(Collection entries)
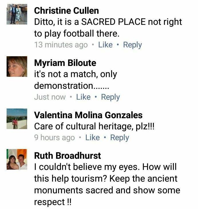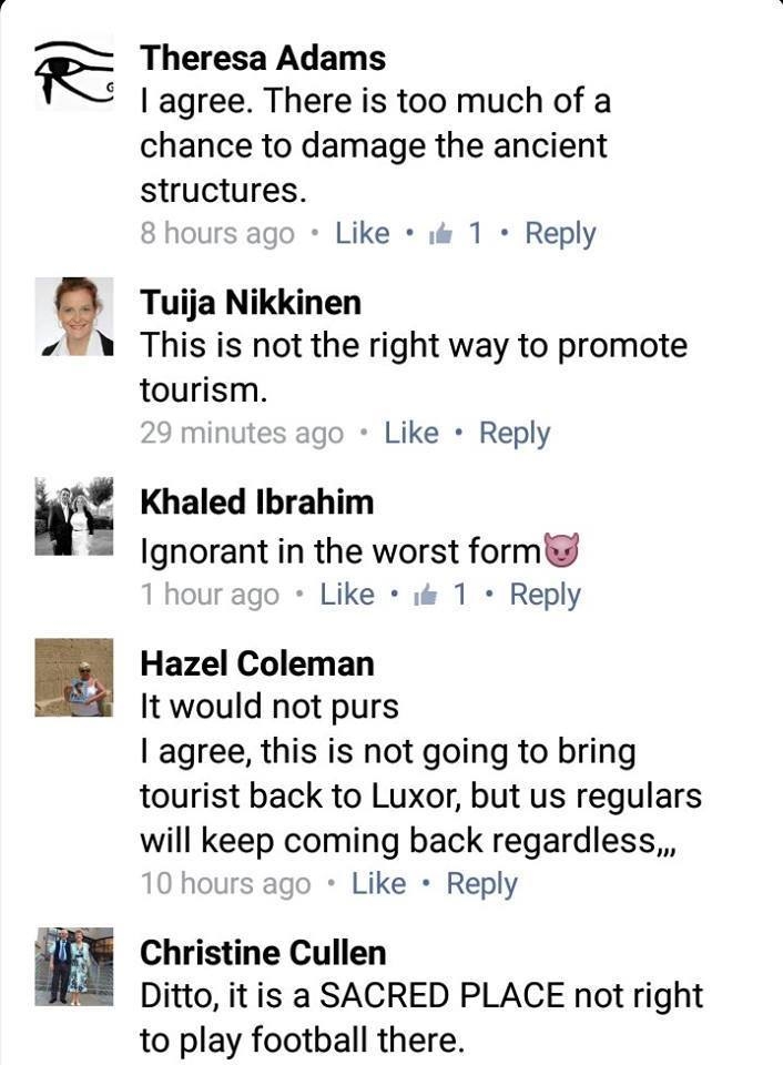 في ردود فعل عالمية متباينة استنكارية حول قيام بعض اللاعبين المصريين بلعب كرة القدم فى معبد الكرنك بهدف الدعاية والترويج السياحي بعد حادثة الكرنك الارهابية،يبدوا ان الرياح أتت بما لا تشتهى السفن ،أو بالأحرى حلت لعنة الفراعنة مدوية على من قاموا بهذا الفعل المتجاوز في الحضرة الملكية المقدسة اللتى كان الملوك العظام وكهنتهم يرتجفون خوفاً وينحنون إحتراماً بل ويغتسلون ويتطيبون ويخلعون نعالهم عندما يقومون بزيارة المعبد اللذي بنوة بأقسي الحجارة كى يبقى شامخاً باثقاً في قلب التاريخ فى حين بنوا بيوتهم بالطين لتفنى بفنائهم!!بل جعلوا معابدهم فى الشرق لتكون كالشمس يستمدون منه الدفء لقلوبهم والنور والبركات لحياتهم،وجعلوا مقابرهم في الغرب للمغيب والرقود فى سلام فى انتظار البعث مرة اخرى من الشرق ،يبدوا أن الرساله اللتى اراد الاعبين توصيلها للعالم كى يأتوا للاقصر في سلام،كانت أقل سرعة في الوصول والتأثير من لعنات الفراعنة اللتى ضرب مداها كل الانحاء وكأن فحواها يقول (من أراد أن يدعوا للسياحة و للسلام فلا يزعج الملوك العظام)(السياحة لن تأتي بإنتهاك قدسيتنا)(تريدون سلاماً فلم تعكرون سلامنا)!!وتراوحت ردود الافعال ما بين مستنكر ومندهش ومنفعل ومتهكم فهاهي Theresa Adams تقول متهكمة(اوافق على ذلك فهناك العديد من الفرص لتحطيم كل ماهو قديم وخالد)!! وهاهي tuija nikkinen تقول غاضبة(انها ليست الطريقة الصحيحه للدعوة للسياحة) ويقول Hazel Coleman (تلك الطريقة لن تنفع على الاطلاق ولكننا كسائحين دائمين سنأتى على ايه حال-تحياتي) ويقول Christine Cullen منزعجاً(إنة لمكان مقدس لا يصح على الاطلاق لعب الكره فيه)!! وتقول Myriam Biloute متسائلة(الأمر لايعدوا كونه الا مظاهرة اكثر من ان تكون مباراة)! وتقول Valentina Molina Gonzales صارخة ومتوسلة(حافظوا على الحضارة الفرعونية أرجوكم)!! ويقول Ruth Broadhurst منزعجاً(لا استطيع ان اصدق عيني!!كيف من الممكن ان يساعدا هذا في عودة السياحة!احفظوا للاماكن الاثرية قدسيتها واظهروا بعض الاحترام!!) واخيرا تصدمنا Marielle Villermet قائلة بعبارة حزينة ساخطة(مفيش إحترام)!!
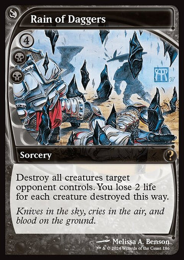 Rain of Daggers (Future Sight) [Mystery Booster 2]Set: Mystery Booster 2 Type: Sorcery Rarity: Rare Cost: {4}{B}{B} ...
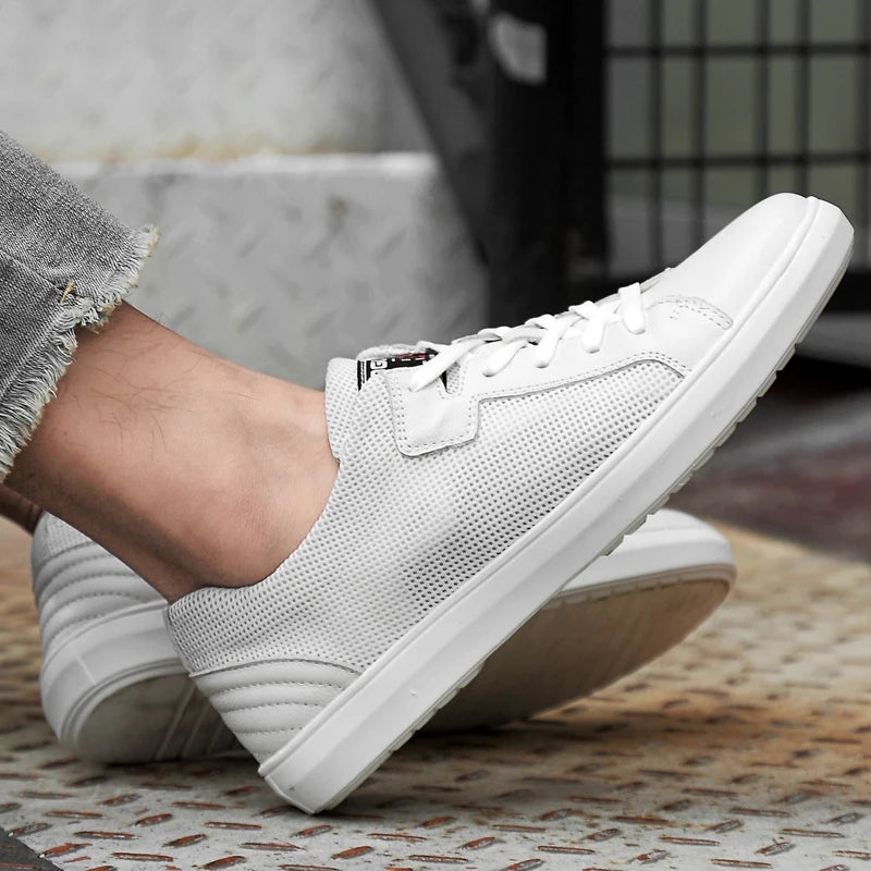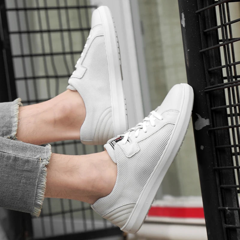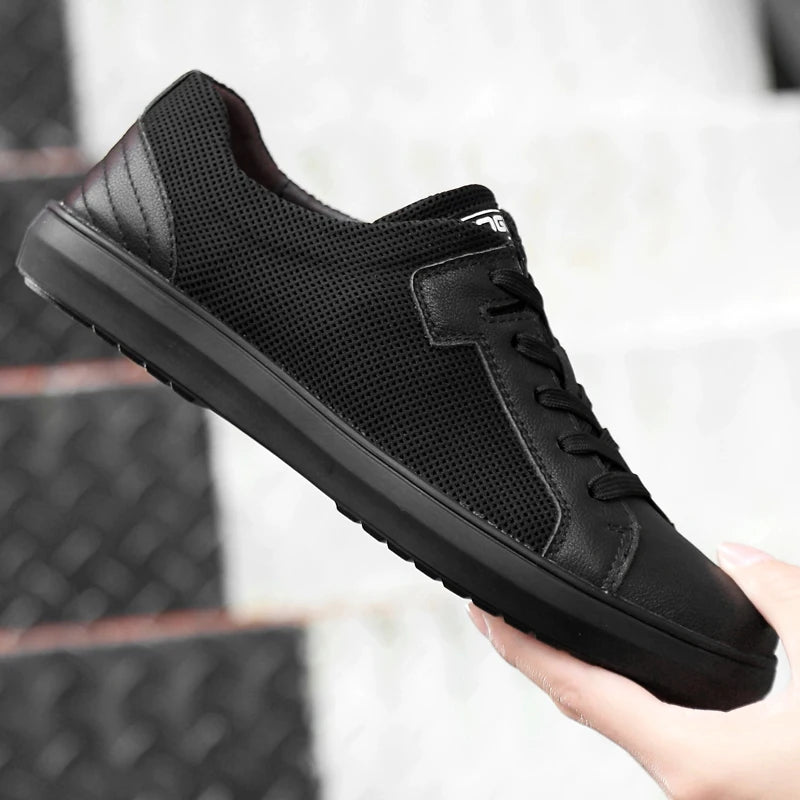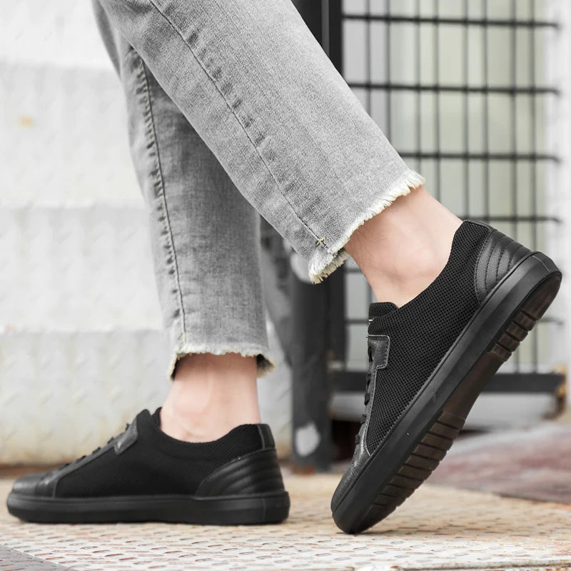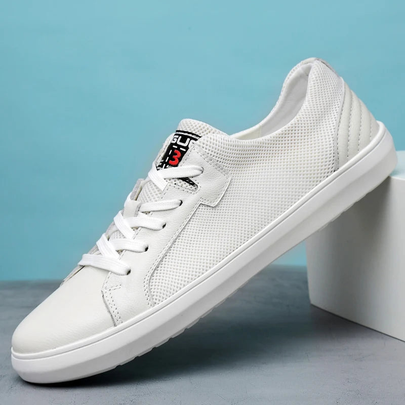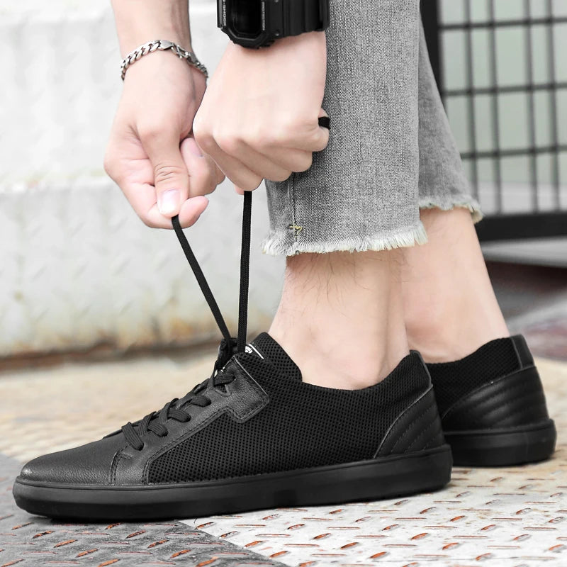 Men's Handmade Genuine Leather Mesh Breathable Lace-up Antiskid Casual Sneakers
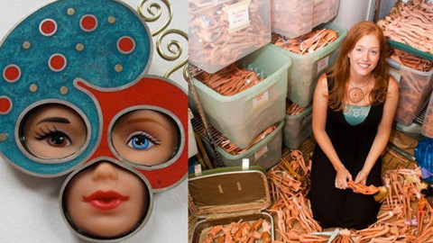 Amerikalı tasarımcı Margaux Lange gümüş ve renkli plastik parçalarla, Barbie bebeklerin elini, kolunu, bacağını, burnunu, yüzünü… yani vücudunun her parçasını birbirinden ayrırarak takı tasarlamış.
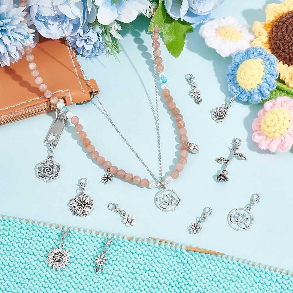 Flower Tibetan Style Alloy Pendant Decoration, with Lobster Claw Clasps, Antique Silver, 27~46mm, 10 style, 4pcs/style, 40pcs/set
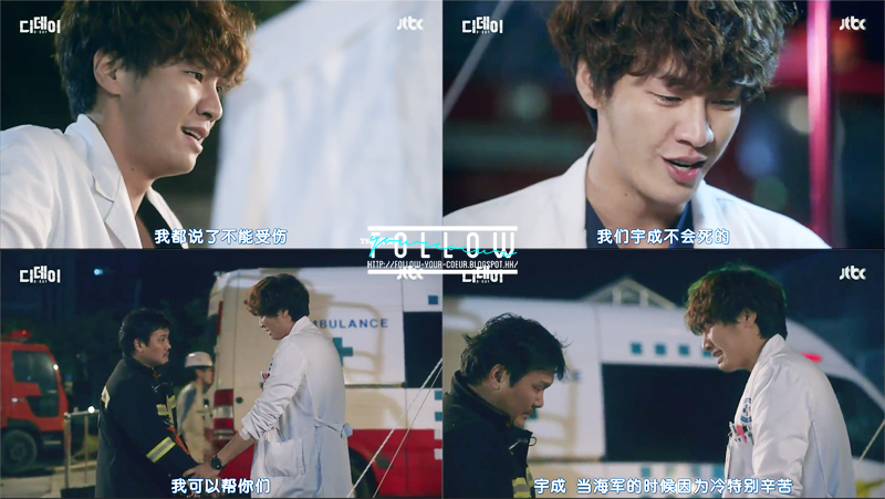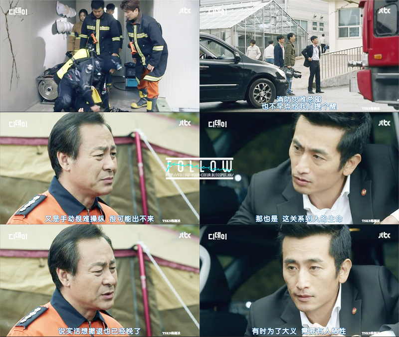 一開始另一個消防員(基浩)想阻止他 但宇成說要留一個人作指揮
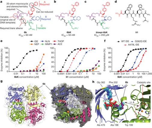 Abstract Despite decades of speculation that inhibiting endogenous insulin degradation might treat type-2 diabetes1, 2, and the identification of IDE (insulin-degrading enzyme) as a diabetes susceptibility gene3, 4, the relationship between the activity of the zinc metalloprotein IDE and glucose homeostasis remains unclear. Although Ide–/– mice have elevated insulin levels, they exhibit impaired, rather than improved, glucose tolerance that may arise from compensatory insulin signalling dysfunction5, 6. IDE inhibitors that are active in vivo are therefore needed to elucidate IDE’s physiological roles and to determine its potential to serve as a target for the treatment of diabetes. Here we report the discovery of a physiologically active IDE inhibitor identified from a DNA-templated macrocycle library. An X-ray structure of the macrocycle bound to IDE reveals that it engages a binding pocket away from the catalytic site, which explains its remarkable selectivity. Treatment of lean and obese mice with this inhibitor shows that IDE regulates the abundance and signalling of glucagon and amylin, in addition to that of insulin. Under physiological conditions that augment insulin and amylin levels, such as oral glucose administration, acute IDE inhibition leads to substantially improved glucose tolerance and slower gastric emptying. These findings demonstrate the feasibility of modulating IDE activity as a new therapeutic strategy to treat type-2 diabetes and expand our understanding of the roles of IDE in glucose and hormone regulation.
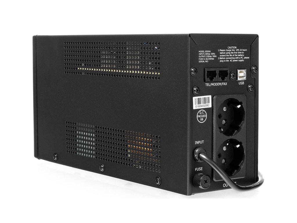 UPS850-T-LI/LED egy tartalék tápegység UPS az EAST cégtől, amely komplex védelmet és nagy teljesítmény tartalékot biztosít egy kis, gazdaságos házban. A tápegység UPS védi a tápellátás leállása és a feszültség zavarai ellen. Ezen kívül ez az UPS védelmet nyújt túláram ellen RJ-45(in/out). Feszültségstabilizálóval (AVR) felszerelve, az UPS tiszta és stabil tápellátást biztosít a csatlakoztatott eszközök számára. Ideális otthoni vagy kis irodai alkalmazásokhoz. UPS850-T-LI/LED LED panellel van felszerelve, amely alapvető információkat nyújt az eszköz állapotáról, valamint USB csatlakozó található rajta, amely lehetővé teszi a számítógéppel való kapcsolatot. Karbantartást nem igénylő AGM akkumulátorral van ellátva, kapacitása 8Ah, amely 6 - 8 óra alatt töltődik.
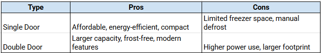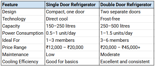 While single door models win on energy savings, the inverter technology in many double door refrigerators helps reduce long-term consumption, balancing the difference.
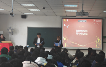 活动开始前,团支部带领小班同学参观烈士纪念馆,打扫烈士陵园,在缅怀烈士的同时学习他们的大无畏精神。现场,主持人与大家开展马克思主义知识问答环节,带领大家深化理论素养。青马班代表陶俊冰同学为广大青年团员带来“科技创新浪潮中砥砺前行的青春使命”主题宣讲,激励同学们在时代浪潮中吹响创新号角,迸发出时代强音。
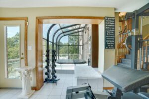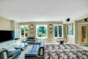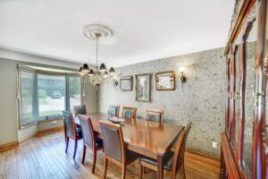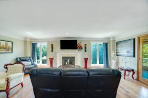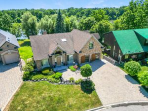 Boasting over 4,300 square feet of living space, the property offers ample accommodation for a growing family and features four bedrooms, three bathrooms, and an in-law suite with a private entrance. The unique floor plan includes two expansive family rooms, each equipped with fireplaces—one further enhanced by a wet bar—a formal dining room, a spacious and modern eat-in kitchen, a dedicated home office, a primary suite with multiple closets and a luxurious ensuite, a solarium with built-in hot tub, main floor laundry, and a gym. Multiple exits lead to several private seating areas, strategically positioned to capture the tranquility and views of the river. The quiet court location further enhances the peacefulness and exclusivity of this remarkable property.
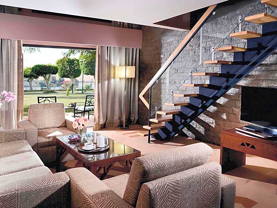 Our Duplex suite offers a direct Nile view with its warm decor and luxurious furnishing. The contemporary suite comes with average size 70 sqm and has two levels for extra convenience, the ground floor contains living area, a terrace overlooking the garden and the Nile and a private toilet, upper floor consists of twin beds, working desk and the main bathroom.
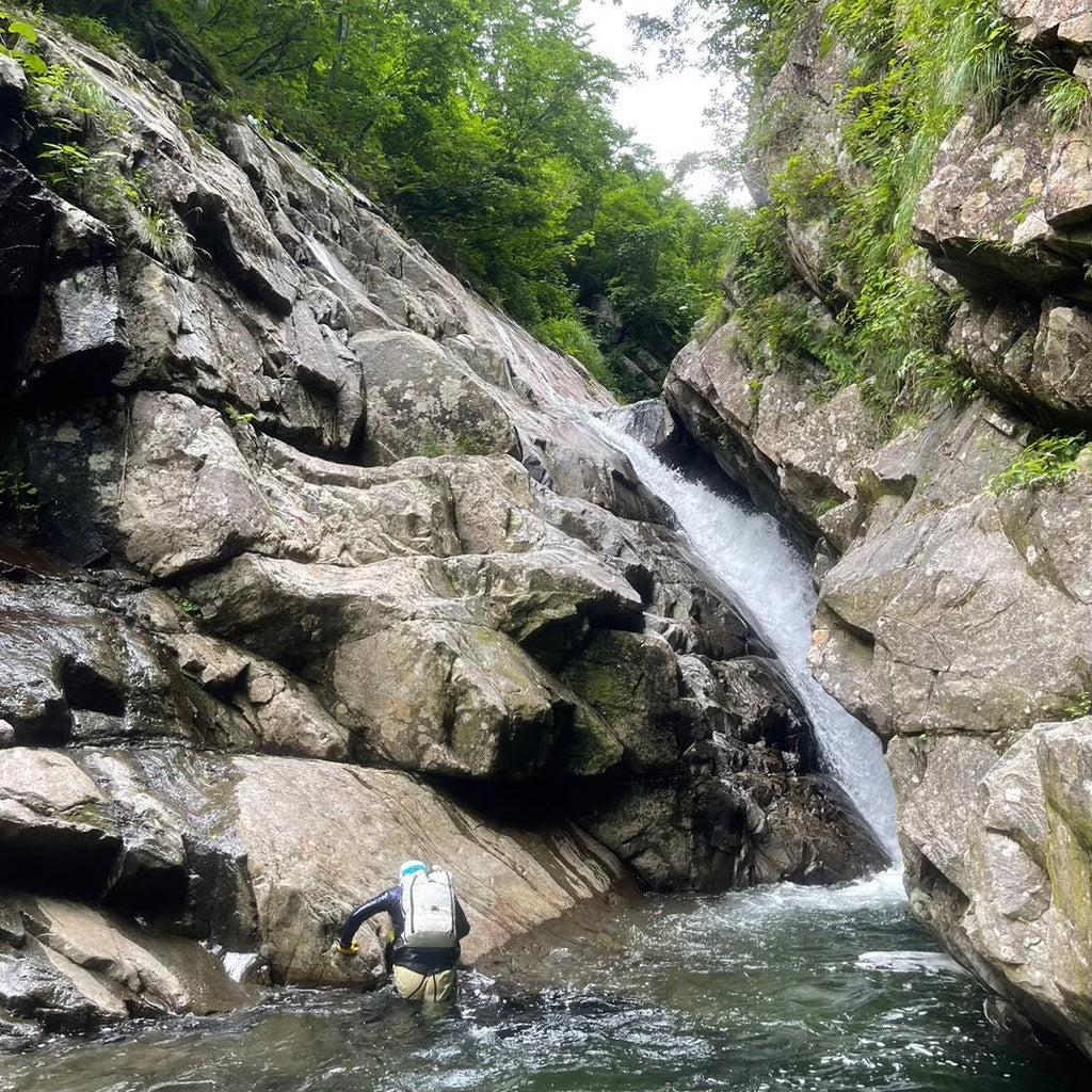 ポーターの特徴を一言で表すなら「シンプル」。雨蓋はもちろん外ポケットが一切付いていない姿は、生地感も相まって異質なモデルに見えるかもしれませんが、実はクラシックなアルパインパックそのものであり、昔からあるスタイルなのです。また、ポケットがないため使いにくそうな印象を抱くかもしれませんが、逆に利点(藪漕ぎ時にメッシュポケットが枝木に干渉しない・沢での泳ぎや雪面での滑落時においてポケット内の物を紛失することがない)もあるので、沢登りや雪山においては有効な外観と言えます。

**EXERCISE**
Copy out the lines above from the line containing "Men's Handmade Genuine" through the line containing "一開始另一個消防員(基浩)想阻止他 但宇成說要留一個人作指揮", exactly, and keep the pictures out.

**RESULT BELOW**
 Men's Handmade Genuine Leather Mesh Breathable Lace-up Antiskid Casual Sneakers
 Amerikalı tasarımcı Margaux Lange gümüş ve renkli plastik parçalarla, Barbie bebeklerin elini, kolunu, bacağını, burnunu, yüzünü… yani vücudunun her parçasını birbirinden ayrırarak takı tasarlamış.
 Flower Tibetan Style Alloy Pendant Decoration, with Lobster Claw Clasps, Antique Silver, 27~46mm, 10 style, 4pcs/style, 40pcs/set
 一開始另一個消防員(基浩)想阻止他 但宇成說要留一個人作指揮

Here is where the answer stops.